Exercise brief:
What you return should match the material below line for line, except that no image appears in it.
== Material provided ==
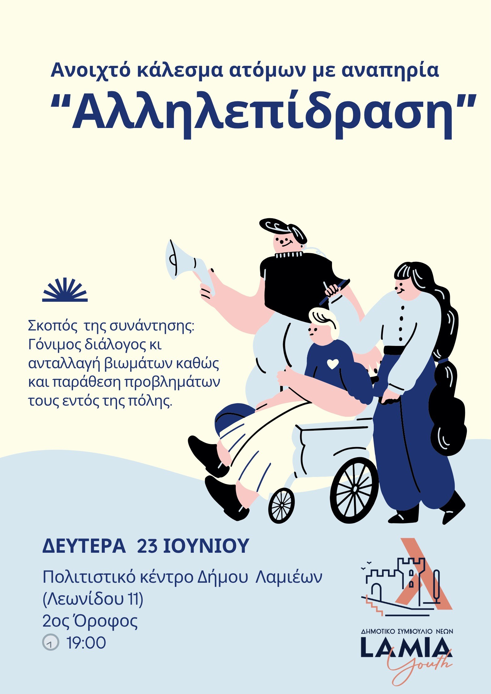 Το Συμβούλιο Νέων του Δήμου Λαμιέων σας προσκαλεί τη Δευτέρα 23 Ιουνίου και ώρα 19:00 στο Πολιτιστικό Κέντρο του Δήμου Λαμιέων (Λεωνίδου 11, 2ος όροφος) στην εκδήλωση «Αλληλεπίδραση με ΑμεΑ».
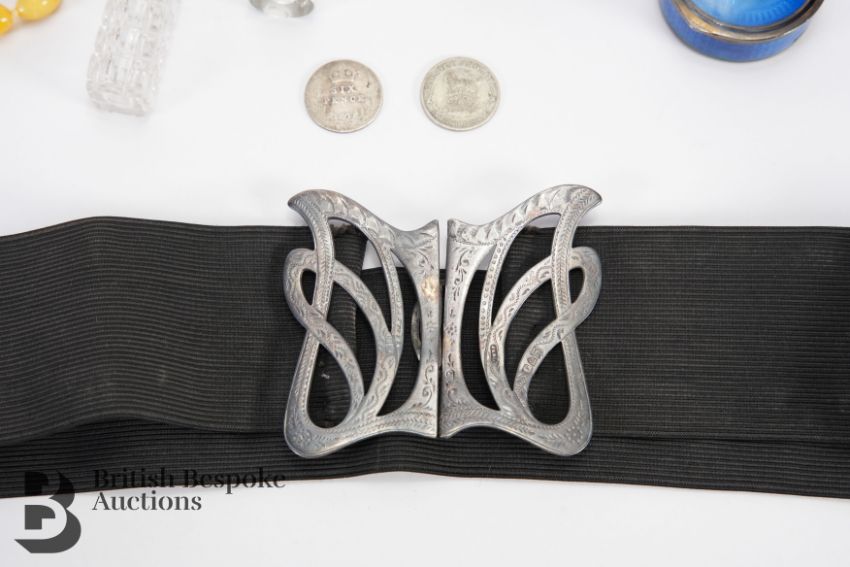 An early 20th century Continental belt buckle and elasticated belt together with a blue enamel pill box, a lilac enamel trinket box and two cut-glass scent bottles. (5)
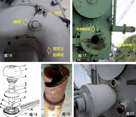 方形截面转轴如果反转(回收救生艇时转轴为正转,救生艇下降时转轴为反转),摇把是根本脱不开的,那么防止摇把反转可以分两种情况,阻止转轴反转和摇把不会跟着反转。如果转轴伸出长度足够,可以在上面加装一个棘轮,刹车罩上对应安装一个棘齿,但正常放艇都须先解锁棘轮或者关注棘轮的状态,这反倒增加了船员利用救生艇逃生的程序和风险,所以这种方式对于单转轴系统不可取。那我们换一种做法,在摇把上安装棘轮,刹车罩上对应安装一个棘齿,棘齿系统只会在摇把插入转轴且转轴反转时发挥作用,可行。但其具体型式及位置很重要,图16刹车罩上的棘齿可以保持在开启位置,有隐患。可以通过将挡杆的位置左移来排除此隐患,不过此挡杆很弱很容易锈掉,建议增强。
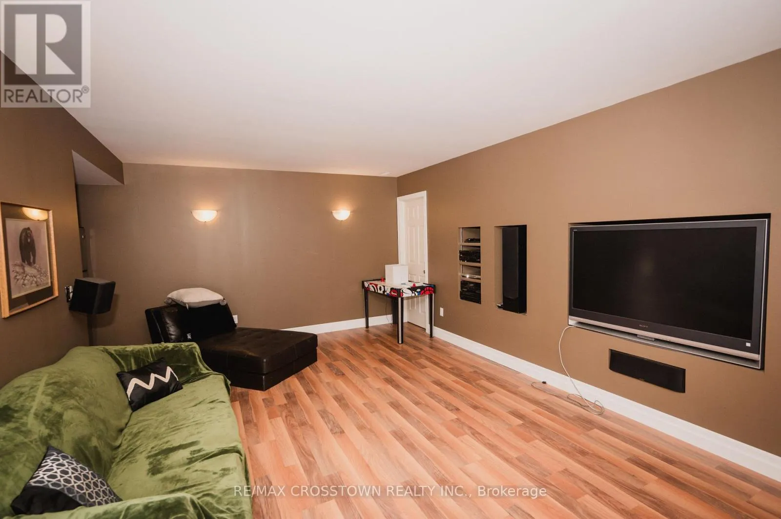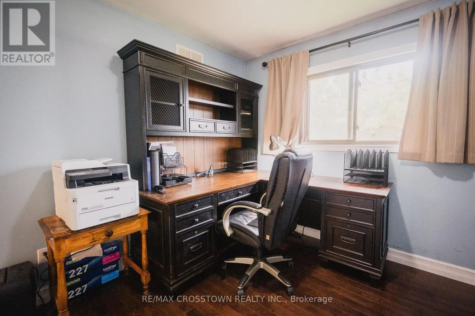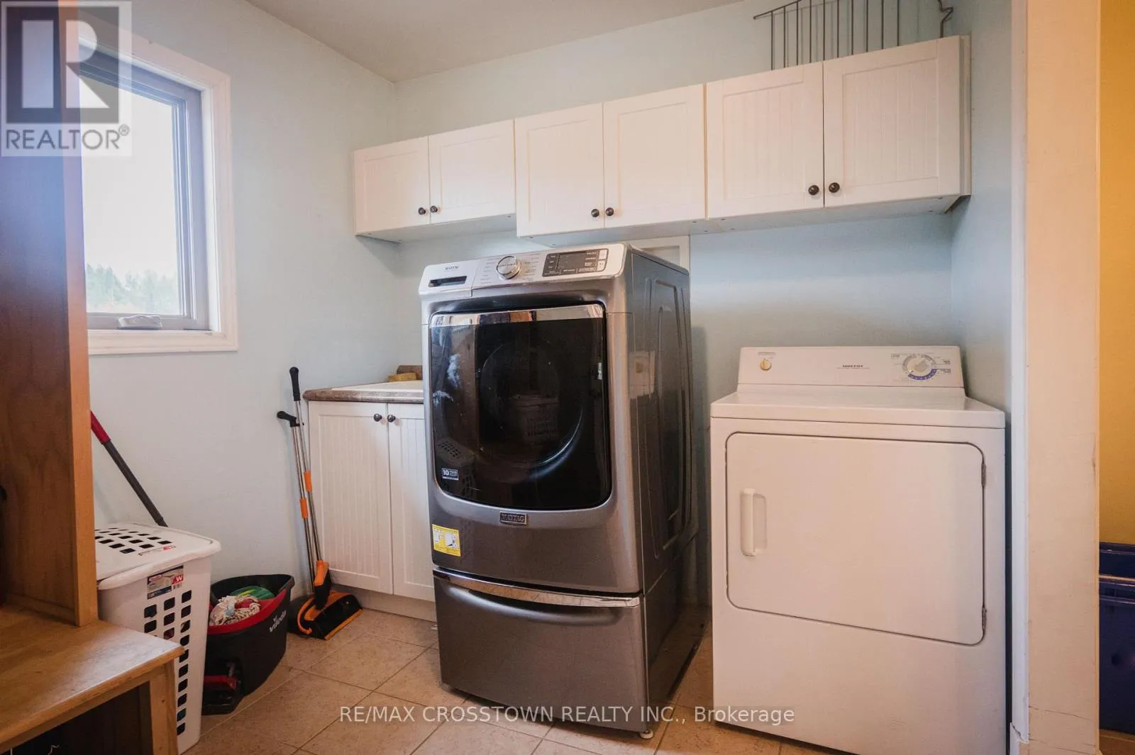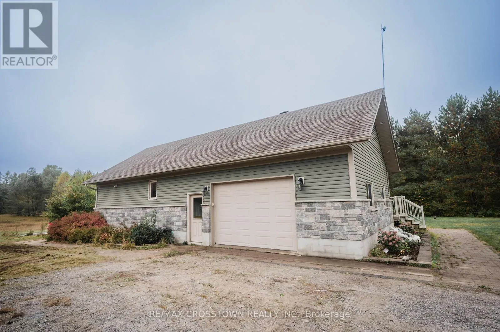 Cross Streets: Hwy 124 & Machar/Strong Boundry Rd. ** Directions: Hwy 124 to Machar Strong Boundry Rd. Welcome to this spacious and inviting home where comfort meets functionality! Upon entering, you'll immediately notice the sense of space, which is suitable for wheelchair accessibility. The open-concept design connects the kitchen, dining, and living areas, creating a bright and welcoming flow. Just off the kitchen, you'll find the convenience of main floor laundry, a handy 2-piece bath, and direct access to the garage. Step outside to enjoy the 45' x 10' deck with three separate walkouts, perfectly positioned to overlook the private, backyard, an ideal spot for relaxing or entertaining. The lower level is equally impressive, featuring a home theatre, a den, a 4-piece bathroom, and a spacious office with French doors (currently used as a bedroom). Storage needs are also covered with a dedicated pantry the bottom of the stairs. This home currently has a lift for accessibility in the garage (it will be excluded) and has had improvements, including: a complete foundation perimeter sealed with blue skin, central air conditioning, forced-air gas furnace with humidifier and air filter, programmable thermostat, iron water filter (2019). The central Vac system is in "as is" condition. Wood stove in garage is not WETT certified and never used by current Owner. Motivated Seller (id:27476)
===
Answer box:
 Το Συμβούλιο Νέων του Δήμου Λαμιέων σας προσκαλεί τη Δευτέρα 23 Ιουνίου και ώρα 19:00 στο Πολιτιστικό Κέντρο του Δήμου Λαμιέων (Λεωνίδου 11, 2ος όροφος) στην εκδήλωση «Αλληλεπίδραση με ΑμεΑ».
 An early 20th century Continental belt buckle and elasticated belt together with a blue enamel pill box, a lilac enamel trinket box and two cut-glass scent bottles. (5)
 方形截面转轴如果反转(回收救生艇时转轴为正转,救生艇下降时转轴为反转),摇把是根本脱不开的,那么防止摇把反转可以分两种情况,阻止转轴反转和摇把不会跟着反转。如果转轴伸出长度足够,可以在上面加装一个棘轮,刹车罩上对应安装一个棘齿,但正常放艇都须先解锁棘轮或者关注棘轮的状态,这反倒增加了船员利用救生艇逃生的程序和风险,所以这种方式对于单转轴系统不可取。那我们换一种做法,在摇把上安装棘轮,刹车罩上对应安装一个棘齿,棘齿系统只会在摇把插入转轴且转轴反转时发挥作用,可行。但其具体型式及位置很重要,图16刹车罩上的棘齿可以保持在开启位置,有隐患。可以通过将挡杆的位置左移来排除此隐患,不过此挡杆很弱很容易锈掉,建议增强。
 Cross Streets: Hwy 124 & Machar/Strong Boundry Rd. ** Directions: Hwy 124 to Machar Strong Boundry Rd. Welcome to this spacious and inviting home where comfort meets functionality! Upon entering, you'll immediately notice the sense of space, which is suitable for wheelchair accessibility. The open-concept design connects the kitchen, dining, and living areas, creating a bright and welcoming flow. Just off the kitchen, you'll find the convenience of main floor laundry, a handy 2-piece bath, and direct access to the garage. Step outside to enjoy the 45' x 10' deck with three separate walkouts, perfectly positioned to overlook the private, backyard, an ideal spot for relaxing or entertaining. The lower level is equally impressive, featuring a home theatre, a den, a 4-piece bathroom, and a spacious office with French doors (currently used as a bedroom). Storage needs are also covered with a dedicated pantry the bottom of the stairs. This home currently has a lift for accessibility in the garage (it will be excluded) and has had improvements, including: a complete foundation perimeter sealed with blue skin, central air conditioning, forced-air gas furnace with humidifier and air filter, programmable thermostat, iron water filter (2019). The central Vac system is in "as is" condition. Wood stove in garage is not WETT certified and never used by current Owner. Motivated Seller (id:27476)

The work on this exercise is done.